[Records from a data collection]

+-------+

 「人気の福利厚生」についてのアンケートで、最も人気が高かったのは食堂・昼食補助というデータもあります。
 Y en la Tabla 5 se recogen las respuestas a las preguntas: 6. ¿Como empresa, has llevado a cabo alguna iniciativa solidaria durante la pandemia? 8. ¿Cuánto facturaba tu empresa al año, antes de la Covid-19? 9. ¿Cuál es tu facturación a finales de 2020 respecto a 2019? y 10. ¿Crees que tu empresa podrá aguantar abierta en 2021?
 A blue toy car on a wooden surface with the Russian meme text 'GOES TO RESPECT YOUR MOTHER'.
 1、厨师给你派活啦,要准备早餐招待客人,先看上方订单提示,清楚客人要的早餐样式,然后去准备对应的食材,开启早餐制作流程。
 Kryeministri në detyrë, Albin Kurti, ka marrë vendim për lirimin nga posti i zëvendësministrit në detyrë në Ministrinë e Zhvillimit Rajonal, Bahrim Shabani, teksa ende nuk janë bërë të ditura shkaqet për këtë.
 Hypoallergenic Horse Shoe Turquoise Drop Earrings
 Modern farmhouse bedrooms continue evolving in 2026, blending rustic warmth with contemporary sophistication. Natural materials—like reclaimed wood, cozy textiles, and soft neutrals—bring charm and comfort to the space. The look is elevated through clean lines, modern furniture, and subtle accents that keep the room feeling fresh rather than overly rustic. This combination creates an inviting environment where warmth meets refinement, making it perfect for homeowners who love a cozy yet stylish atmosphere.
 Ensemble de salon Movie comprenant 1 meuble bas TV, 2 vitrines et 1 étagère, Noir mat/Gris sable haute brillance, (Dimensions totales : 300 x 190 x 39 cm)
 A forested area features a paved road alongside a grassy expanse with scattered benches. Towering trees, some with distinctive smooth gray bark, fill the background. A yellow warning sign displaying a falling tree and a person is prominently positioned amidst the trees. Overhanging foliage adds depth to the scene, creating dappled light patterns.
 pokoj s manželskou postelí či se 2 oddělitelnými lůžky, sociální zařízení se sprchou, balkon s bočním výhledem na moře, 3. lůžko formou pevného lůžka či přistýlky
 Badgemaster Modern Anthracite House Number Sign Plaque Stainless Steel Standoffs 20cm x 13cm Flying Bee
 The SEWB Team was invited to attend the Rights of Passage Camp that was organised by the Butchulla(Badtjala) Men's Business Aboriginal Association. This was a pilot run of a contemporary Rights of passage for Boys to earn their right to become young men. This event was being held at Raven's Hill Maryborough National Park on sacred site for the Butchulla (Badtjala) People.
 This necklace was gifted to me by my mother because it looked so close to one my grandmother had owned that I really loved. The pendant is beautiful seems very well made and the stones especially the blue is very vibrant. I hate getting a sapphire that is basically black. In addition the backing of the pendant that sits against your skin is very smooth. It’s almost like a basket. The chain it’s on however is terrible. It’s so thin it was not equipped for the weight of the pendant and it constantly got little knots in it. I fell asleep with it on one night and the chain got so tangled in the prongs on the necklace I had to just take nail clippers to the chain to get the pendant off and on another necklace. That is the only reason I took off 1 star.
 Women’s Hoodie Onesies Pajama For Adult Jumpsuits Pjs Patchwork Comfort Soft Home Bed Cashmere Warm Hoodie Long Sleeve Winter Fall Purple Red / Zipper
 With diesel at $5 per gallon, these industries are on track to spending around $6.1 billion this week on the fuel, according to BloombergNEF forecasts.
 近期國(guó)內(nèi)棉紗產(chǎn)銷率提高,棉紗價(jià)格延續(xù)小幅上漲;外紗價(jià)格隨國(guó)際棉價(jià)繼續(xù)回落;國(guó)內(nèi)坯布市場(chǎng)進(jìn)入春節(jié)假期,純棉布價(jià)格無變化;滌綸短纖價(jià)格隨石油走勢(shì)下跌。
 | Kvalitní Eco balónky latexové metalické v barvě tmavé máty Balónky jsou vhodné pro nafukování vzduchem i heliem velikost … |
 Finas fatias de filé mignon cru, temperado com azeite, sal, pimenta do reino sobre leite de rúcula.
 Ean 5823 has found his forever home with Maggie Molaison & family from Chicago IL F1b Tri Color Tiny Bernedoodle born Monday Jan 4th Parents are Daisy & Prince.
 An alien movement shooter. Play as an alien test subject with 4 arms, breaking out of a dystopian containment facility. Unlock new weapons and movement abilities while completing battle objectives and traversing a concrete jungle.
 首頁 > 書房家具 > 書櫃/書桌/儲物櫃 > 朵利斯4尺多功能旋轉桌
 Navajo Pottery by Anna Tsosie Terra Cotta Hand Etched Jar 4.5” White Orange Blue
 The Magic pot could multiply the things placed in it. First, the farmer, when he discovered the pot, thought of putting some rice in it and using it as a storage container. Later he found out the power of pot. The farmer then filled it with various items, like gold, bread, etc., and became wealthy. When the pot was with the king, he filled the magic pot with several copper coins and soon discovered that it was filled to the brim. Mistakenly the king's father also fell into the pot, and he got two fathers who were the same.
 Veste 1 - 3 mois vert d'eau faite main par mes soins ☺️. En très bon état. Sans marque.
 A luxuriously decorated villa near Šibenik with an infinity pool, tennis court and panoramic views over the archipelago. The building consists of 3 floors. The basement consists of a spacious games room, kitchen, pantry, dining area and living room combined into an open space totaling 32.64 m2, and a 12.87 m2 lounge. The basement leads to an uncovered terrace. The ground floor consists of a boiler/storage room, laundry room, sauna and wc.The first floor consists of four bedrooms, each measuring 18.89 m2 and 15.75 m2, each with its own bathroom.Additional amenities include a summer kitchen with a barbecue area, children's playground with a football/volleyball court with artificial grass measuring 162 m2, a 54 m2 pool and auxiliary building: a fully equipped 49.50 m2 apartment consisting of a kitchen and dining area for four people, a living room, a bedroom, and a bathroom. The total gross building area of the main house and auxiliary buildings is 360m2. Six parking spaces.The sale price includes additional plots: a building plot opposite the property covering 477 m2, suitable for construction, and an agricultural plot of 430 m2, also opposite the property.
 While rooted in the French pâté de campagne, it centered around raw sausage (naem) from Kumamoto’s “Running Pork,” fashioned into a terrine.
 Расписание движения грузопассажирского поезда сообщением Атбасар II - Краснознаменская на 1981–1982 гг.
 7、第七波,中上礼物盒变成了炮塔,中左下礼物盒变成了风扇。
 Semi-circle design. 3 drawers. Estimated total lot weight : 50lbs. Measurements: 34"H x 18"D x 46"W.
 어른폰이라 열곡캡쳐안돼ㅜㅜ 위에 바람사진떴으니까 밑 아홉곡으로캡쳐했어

+-------+

> _What needs to be done_
In the data above, find the line that contains "A blue toy car" and the line that contains "Ensemble de salon". Repeat exactly those lines and every line between them, and only those.

> _Output of the exercise_
 A blue toy car on a wooden surface with the Russian meme text 'GOES TO RESPECT YOUR MOTHER'.
 1、厨师给你派活啦,要准备早餐招待客人,先看上方订单提示,清楚客人要的早餐样式,然后去准备对应的食材,开启早餐制作流程。
 Kryeministri në detyrë, Albin Kurti, ka marrë vendim për lirimin nga posti i zëvendësministrit në detyrë në Ministrinë e Zhvillimit Rajonal, Bahrim Shabani, teksa ende nuk janë bërë të ditura shkaqet për këtë.
 Hypoallergenic Horse Shoe Turquoise Drop Earrings
 Modern farmhouse bedrooms continue evolving in 2026, blending rustic warmth with contemporary sophistication. Natural materials—like reclaimed wood, cozy textiles, and soft neutrals—bring charm and comfort to the space. The look is elevated through clean lines, modern furniture, and subtle accents that keep the room feeling fresh rather than overly rustic. This combination creates an inviting environment where warmth meets refinement, making it perfect for homeowners who love a cozy yet stylish atmosphere.
 Ensemble de salon Movie comprenant 1 meuble bas TV, 2 vitrines et 1 étagère, Noir mat/Gris sable haute brillance, (Dimensions totales : 300 x 190 x 39 cm)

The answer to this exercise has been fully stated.